Wenn bei einem Verkehrsunfall jemand verletzt wird oder ein Auto beschädigt wird, so übernimmt in fast allen Fällen die Kfz-Haftpflichtversicherung des Unfallverursachers die Kosten.
Nach Einschätzung von Versicherungsexpertin Brehme sichert man sich selbst in folgenden Fällen, die von Versicherungsvertretern gerne als Argumente für eine Insassen-Unfallversicherung genutzt werden, besser mit einer privaten Unfallversicherung ab:
- Der Schadensverursacher ist ein Verkehrsteilnehmer, der keine private Haftpflicht hat. Hier springt die Insassen-Unfallversicherung ein, sollte der Verursacher den Schaden nicht ersetzen können. In diesem Fall ist es aber sinnvoller, eine Forderungsausfalldeckung der eigenen Haftpflichtversicherung anzuschließen – diese zahlt in ähnlich gearteten Fällen auch jenseits von Verkehrsschadensfällen.
- Wenn ein Unfallverursacher Fahrerflucht begeht und nicht gefunden werden kann, so zahlt die Insassen-Unfallversicherung für bleibende Schadensfolgen. Jedoch: In diesem Fall wird der Geschädigte auch durch den Verein Verkehrsopferhilfe unterstützt, dem sämtliche Kfz-Haftpflicht-Assekuranzen in Deutschland angehören. Dieser Verein zahlt bei Personenschäden bis 7,5 Millionen Euro, bei Sachschäden bis eine Millionen Euro.
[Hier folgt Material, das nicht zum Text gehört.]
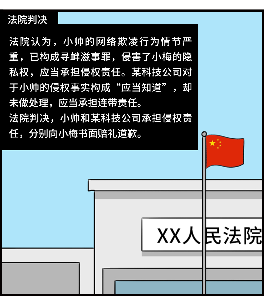 漫画案例中,小梅曾经的网恋男友小帅将她的裸照及视频发布网络平台,并威胁她继续与其恋爱。幸运的是,小梅和母亲及时报警处理,勇敢地拿起法律武器保护自己,经法院审理,小帅因犯寻衅滋事罪被判处有期徒刑一年三个月。但是,小梅的照片和视频仍然以“仅自己可见”的形式留存于小帅的账号后台,平台也拒绝删除。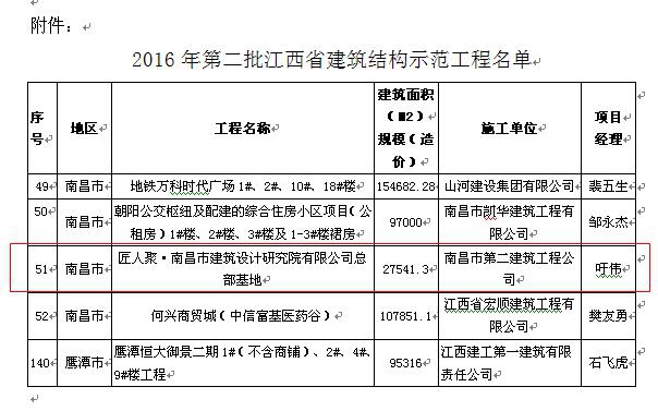 公司匠人聚?南昌市建筑設計研究院有限公司總部基地工地榮獲2016年第二批江西省建筑結構示范工程稱號
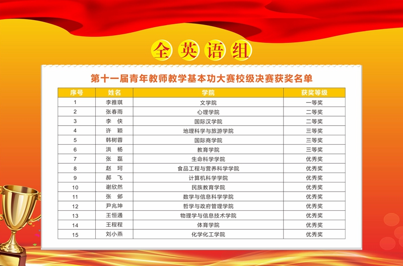 由教务处、教师教学发展中心、人事处和校工会联合主办,第十一届青年教师教学基本功大赛校级决赛于2018年12月15日-17日成功举办。本届大赛全校共有410名青年教师参加了学院预赛,各学院按照限额向学校推荐校级决赛参赛教师56名。我院王长号、魏灵灵和刘小燕三位老师参加决赛。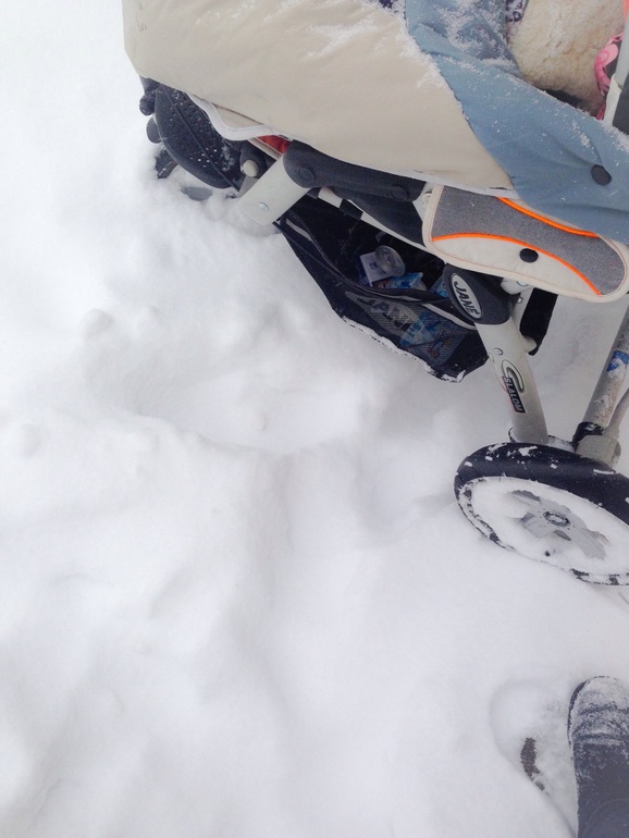 Ух.... Пришлось маме попотеть, но не от того, что коляску сложно было везти, а потому что мама больше напоминала корову на льду))))) почему-то во многих местах под снегом оказывался лед((((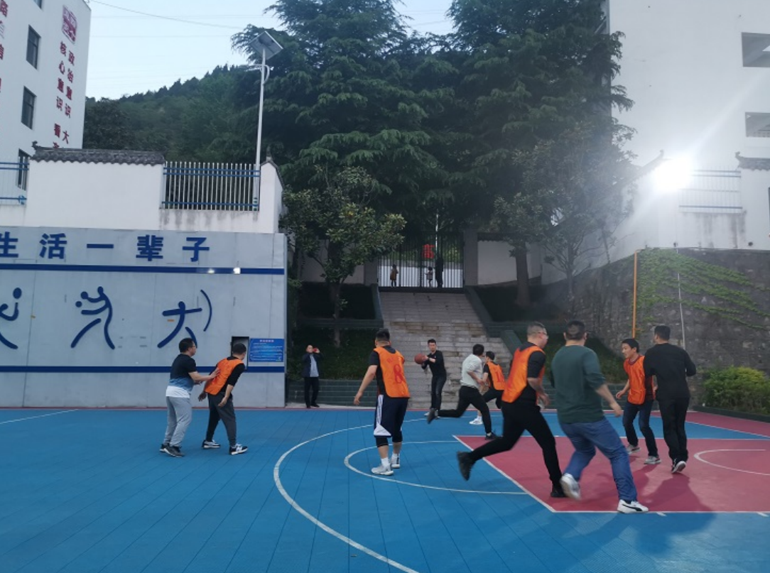 热身活动结束后,操场上,区委组织部篮球队和中青班篮球队组织的篮球联谊赛正上演精彩对决。赛场上,双方队员精神抖擞、身行矫健,瞄准目标你争我夺,传球,过人,起跳,投篮,时而跳投,时而上篮,时而三分远投。场下,加油声、鼓掌声、欢呼声一阵响过一阵。大家积极参与,每一个人都能从中感受到集体运动的快乐,展现了中青年干部积极向上,相互协作,团结拼搏的精神风貌。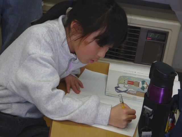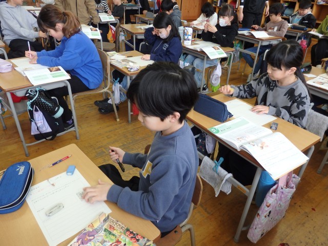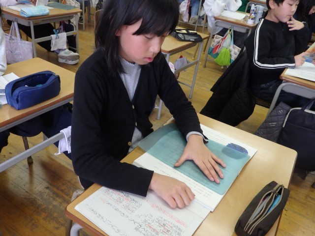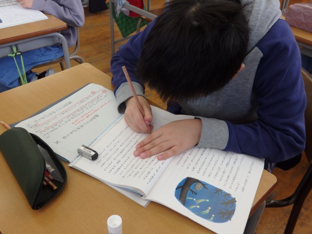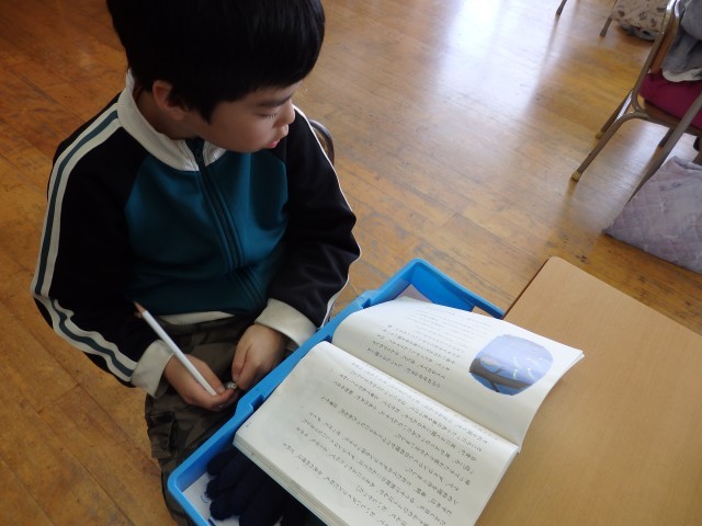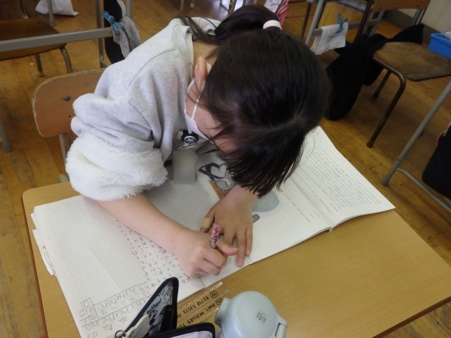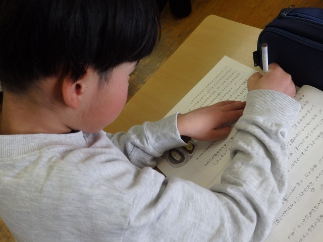 3年生の4時間目は国語の授業でした。「ゆうすげ村の小さな旅館」という物語文の学習です。最初ですので、デジタル教科書で物語を読み上げる音声を聞きながら黙読してから、初めて読んだ感想を書きました。教科書をきちんと持って読んでいる子もいましたが、読めなかった漢字にふりがなを書き込んだり、読み上げられている箇所に下敷きを当てて読み飛ばさないようにしたりなど工夫して読んでいる子がたくさんいました。初読の感想書きでは「5行」と先生からノルマが与えられましたが、それ以上に書いている子がたくさんいました。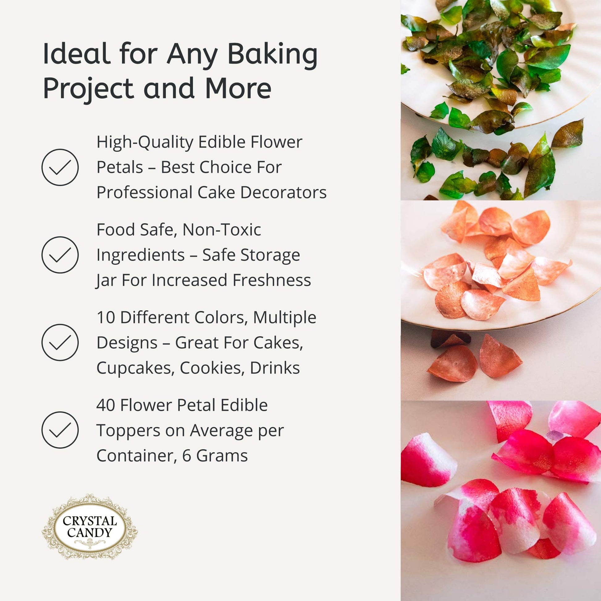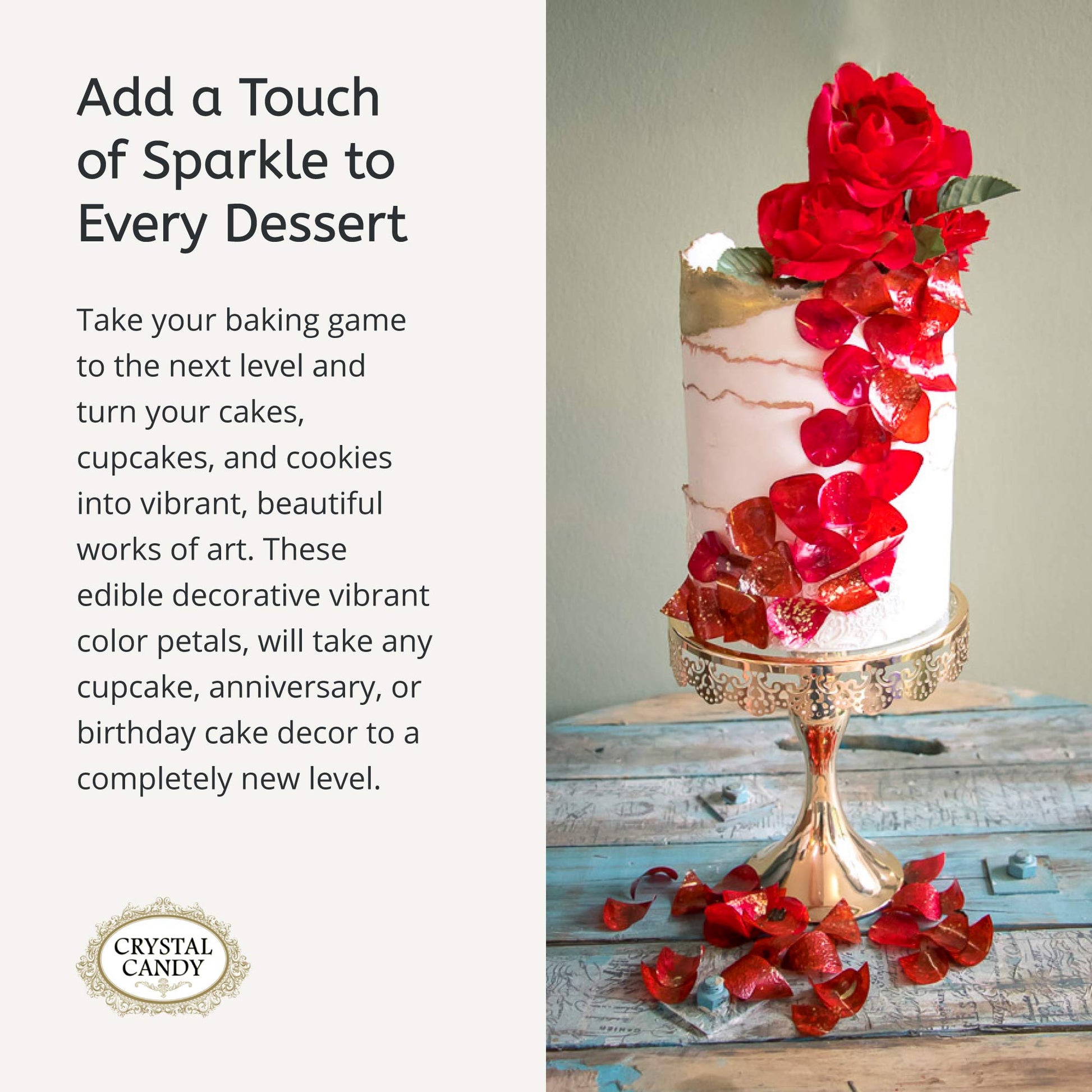 Enhance your baking projects with the elegant and vibrant Edible Flower Petals by Crystal Candy. Perfect for decorating cakes, cupcakes, and cookies, these edible petals will bring a touch of artistry to your sweet creations.

Nach Auskunft von Martina Brehme (Verbraucherzentrale Baden-Württemberg) kann sich der Verbraucher gegen alle Risiken besser mit einer privaten Unfallversicherung absichern. Die Kosten für diese Versicherungsart sind zwar höher, sie hat aber auch nicht für Autounfälle, sondern für alle Arten von Unfällen wie beispielsweise im Sport oder im Haushalt Gültigkeit.